=== Extracted data ===
• • • • •

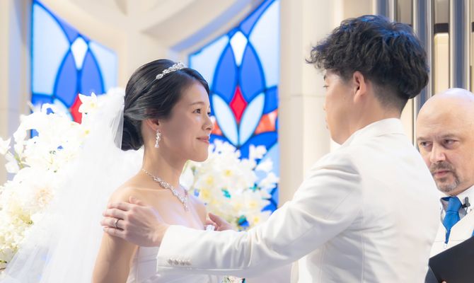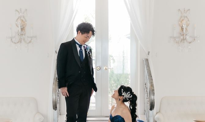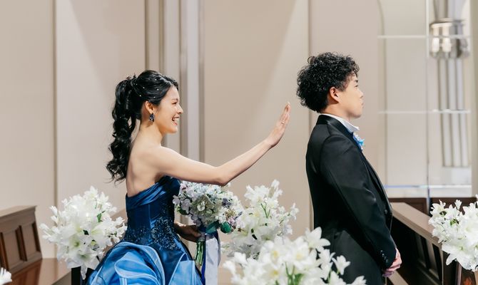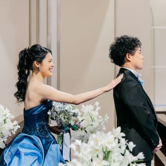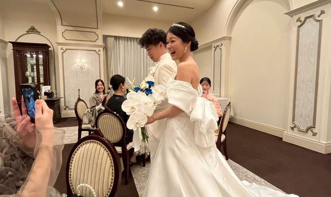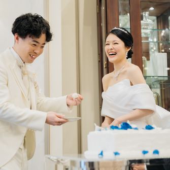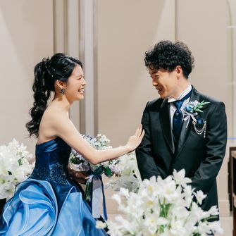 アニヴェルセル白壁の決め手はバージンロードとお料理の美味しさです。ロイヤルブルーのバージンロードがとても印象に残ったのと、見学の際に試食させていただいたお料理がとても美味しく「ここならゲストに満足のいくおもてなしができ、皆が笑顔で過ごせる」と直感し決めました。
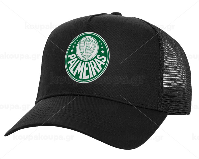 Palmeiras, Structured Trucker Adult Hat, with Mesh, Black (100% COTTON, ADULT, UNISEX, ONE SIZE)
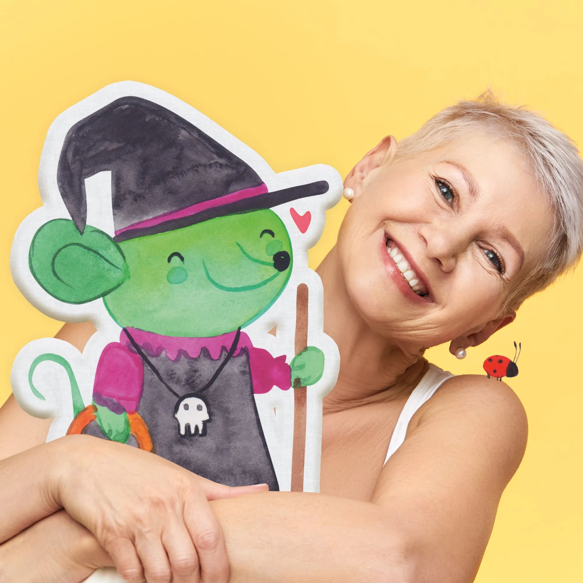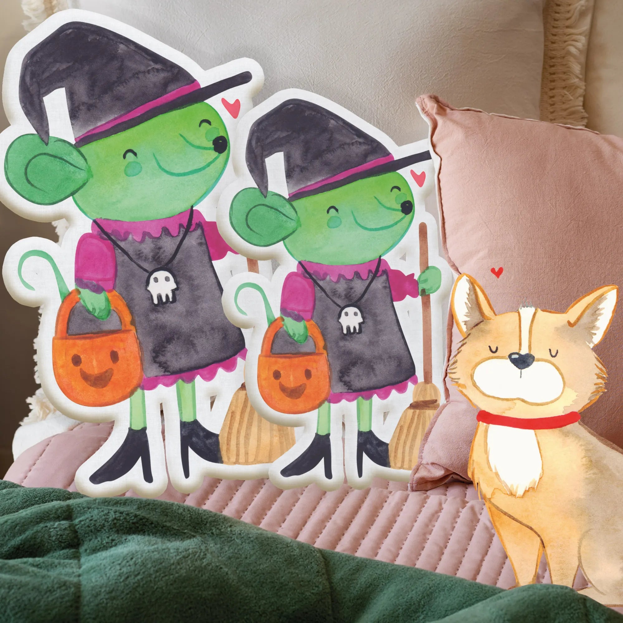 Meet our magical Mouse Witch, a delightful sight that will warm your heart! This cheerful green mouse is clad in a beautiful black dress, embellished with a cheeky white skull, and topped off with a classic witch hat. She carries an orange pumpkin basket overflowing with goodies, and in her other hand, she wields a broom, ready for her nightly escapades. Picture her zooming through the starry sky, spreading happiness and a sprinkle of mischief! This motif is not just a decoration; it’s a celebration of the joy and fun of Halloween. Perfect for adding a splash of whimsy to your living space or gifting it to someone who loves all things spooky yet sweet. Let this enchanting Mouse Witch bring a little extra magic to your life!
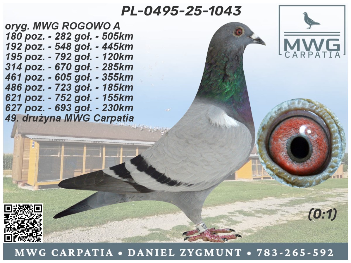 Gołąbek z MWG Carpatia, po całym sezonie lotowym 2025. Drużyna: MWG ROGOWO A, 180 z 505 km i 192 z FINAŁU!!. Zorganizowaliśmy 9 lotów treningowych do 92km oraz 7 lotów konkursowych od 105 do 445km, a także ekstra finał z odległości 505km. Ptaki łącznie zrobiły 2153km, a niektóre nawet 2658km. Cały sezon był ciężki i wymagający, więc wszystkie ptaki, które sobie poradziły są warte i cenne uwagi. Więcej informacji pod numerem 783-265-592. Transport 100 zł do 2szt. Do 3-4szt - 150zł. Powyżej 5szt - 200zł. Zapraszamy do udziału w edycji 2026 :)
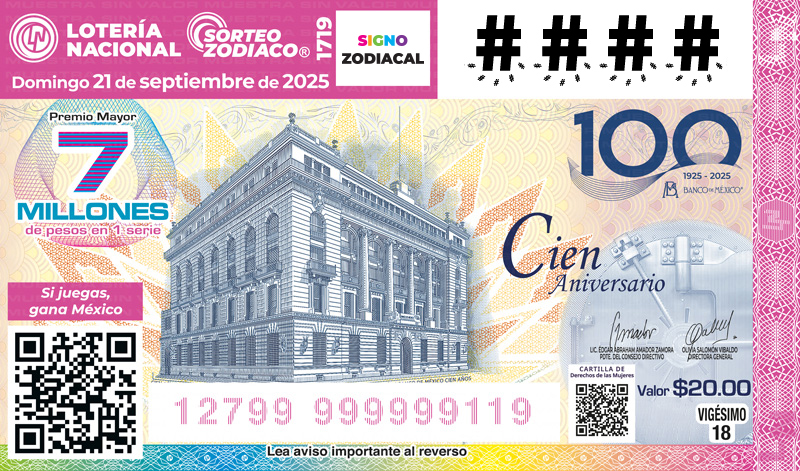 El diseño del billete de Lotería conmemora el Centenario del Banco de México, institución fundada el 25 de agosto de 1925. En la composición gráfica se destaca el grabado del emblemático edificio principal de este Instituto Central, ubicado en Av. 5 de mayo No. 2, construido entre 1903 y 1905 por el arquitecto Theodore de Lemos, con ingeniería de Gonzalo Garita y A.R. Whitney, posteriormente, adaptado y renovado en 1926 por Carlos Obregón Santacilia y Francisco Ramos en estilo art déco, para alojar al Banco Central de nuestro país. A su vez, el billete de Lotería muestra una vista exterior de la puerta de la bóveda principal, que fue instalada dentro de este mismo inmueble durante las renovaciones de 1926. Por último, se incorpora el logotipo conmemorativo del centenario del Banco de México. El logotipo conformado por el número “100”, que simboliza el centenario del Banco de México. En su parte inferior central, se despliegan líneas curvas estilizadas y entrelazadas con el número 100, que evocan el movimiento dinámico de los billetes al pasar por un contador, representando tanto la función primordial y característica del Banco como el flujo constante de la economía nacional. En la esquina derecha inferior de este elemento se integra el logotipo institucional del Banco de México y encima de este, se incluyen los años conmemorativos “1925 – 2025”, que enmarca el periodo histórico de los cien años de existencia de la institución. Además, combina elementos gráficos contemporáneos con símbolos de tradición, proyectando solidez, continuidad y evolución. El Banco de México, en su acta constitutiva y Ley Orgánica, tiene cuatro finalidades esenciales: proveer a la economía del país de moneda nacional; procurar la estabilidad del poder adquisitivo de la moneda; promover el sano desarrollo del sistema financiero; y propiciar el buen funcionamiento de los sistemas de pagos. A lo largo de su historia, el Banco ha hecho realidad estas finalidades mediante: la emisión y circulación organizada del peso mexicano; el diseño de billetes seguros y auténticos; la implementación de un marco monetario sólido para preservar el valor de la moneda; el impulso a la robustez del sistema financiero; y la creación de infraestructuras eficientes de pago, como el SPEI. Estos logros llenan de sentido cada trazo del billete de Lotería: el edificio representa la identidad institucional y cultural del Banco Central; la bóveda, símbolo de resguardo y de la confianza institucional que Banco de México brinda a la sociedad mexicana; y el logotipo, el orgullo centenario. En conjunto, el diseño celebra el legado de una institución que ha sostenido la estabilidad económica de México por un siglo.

• • • • •

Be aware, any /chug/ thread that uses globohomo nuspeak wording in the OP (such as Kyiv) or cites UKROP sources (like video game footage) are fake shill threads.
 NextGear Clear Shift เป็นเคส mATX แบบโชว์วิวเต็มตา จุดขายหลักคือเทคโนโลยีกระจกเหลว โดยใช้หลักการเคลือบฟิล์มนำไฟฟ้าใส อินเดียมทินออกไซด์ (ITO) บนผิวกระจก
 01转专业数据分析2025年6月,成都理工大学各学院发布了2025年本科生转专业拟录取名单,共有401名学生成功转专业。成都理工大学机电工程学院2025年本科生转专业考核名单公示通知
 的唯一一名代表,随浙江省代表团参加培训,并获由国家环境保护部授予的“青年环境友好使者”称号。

• • • • •

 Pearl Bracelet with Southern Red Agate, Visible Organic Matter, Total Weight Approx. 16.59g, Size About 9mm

• • • • •

An exact copy of the lines above from the one with "アニヴェルセル白壁の決め手は" up to and including the one with "Palmeiras, Structured Trucker" is required; reproduce only those lines, omitting all pictures.

 アニヴェルセル白壁の決め手はバージンロードとお料理の美味しさです。ロイヤルブルーのバージンロードがとても印象に残ったのと、見学の際に試食させていただいたお料理がとても美味しく「ここならゲストに満足のいくおもてなしができ、皆が笑顔で過ごせる」と直感し決めました。
 Palmeiras, Structured Trucker Adult Hat, with Mesh, Black (100% COTTON, ADULT, UNISEX, ONE SIZE)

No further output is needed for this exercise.